Instructions for the task:
Find "每次从隔离病区出来之后,医护" below and begin at its line; stop after the line with "Trong bộ sưu". Output those lines exactly, without pictures.

**** Input material ****

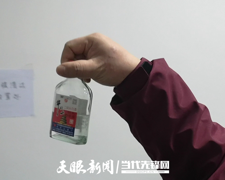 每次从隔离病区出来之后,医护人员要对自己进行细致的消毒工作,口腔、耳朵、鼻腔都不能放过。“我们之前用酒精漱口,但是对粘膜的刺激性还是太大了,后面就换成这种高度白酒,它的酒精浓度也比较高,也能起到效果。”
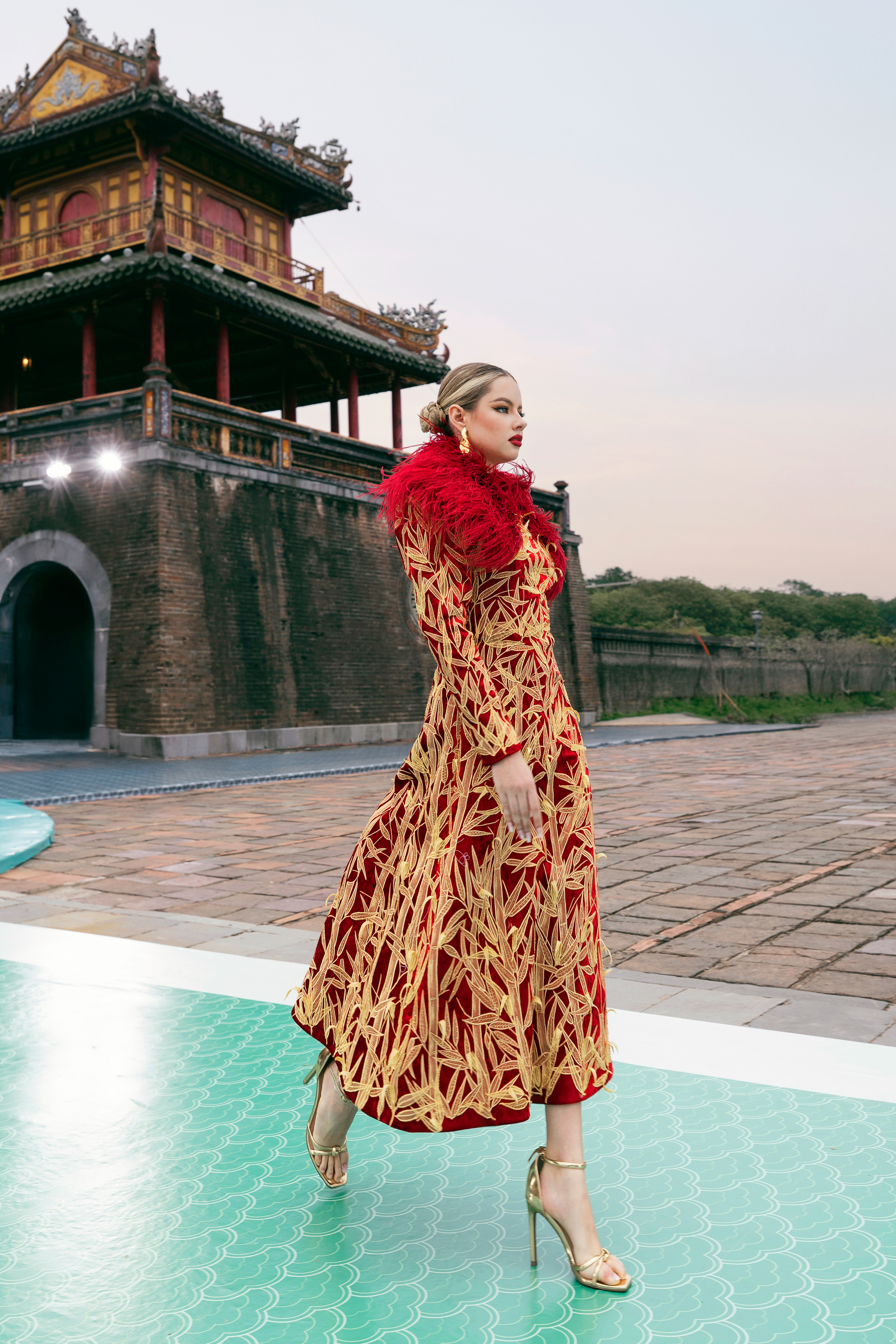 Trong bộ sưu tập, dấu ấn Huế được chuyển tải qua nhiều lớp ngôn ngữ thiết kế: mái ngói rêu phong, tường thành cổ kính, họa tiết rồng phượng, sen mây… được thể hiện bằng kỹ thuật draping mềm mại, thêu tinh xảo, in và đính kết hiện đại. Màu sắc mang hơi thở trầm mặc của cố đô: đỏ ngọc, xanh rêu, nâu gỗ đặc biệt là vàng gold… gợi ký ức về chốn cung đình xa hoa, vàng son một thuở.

****
**** Input material ****

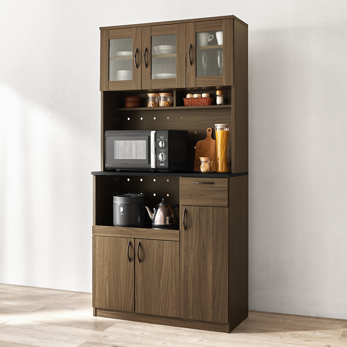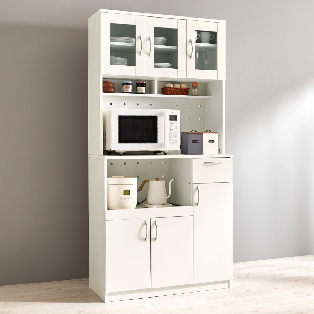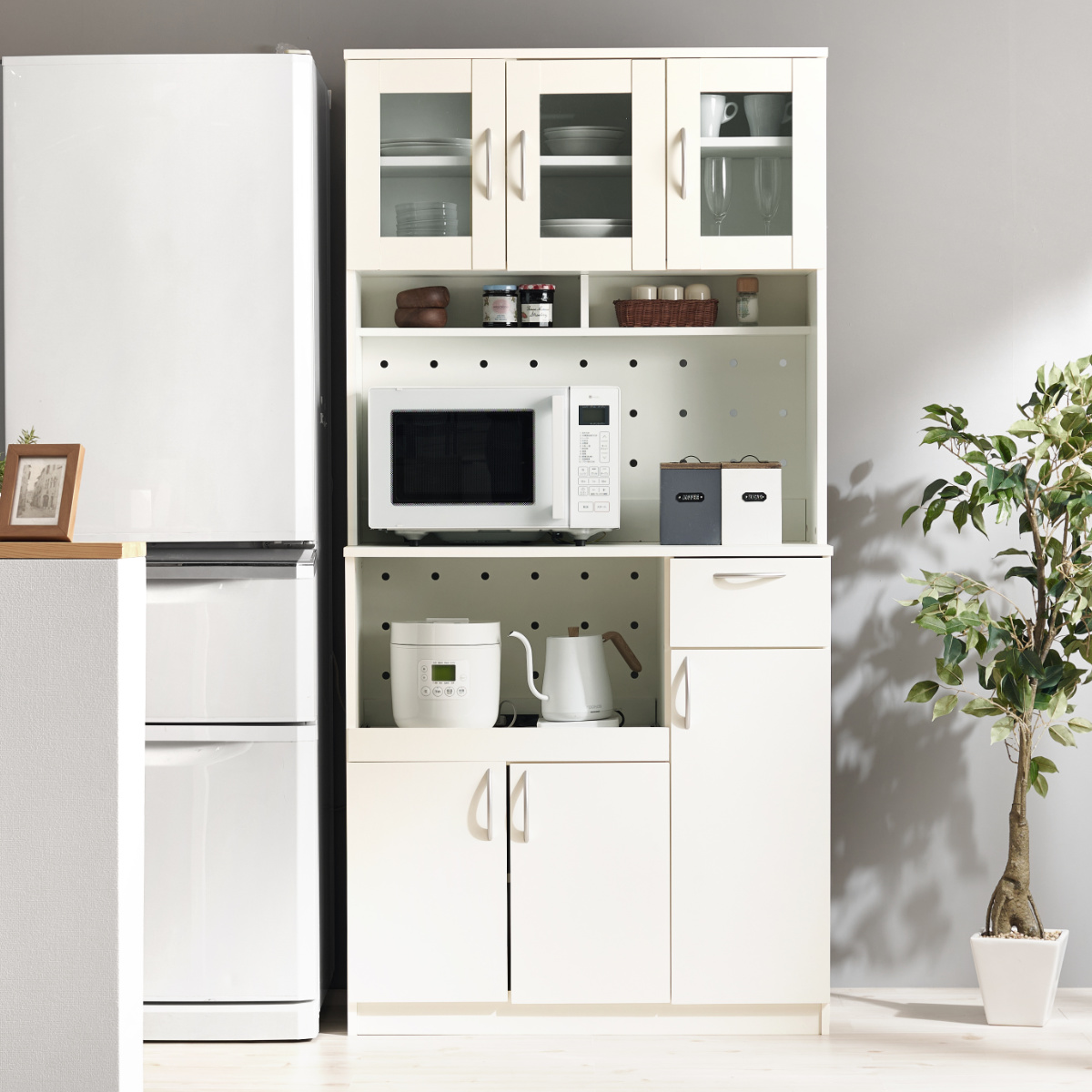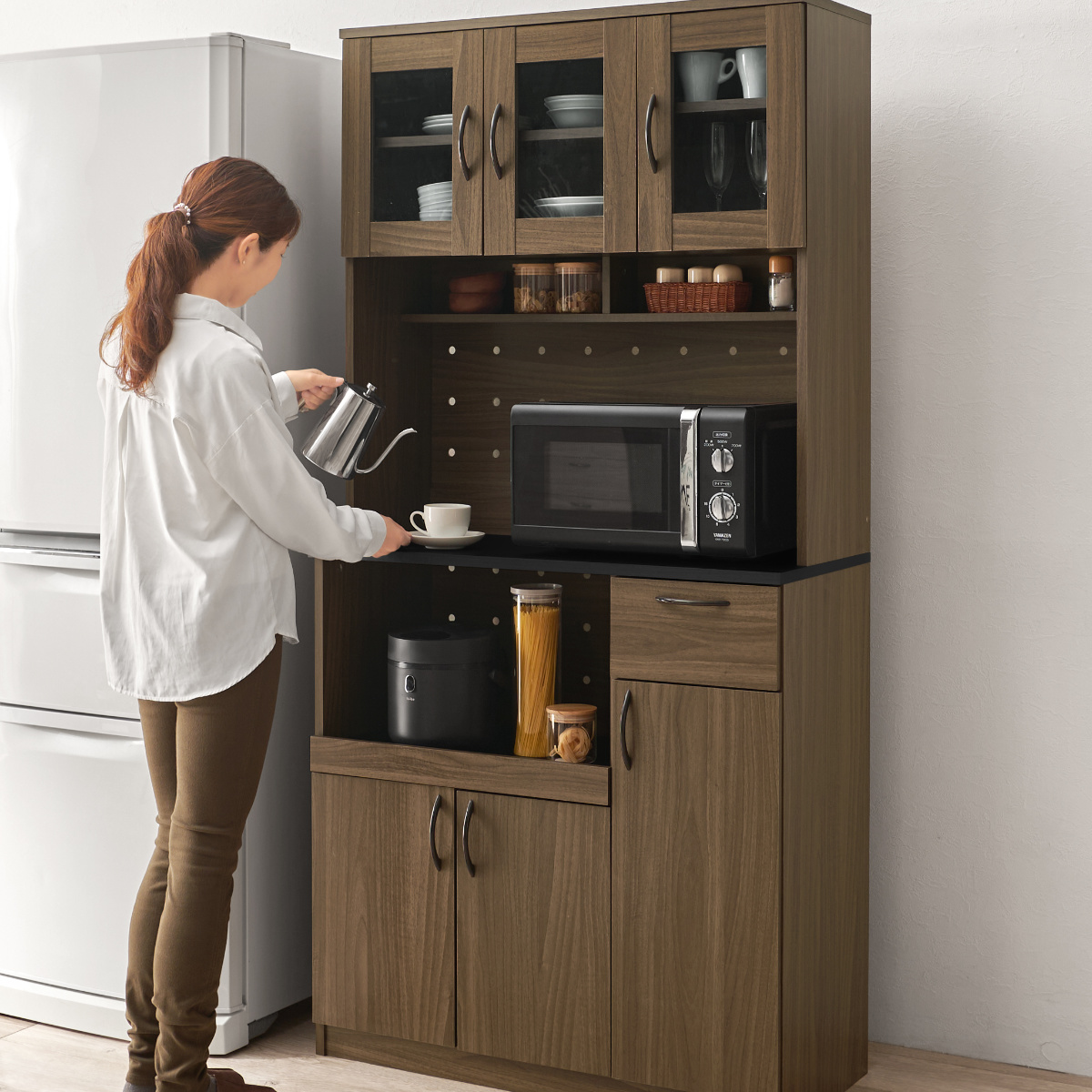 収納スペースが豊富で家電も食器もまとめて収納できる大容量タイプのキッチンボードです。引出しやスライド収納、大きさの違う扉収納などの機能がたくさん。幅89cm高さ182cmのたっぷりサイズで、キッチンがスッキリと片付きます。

****

Solution for this problem:
 每次从隔离病区出来之后,医护人员要对自己进行细致的消毒工作,口腔、耳朵、鼻腔都不能放过。“我们之前用酒精漱口,但是对粘膜的刺激性还是太大了,后面就换成这种高度白酒,它的酒精浓度也比较高,也能起到效果。”
 Trong bộ sưu tập, dấu ấn Huế được chuyển tải qua nhiều lớp ngôn ngữ thiết kế: mái ngói rêu phong, tường thành cổ kính, họa tiết rồng phượng, sen mây… được thể hiện bằng kỹ thuật draping mềm mại, thêu tinh xảo, in và đính kết hiện đại. Màu sắc mang hơi thở trầm mặc của cố đô: đỏ ngọc, xanh rêu, nâu gỗ đặc biệt là vàng gold… gợi ký ức về chốn cung đình xa hoa, vàng son một thuở.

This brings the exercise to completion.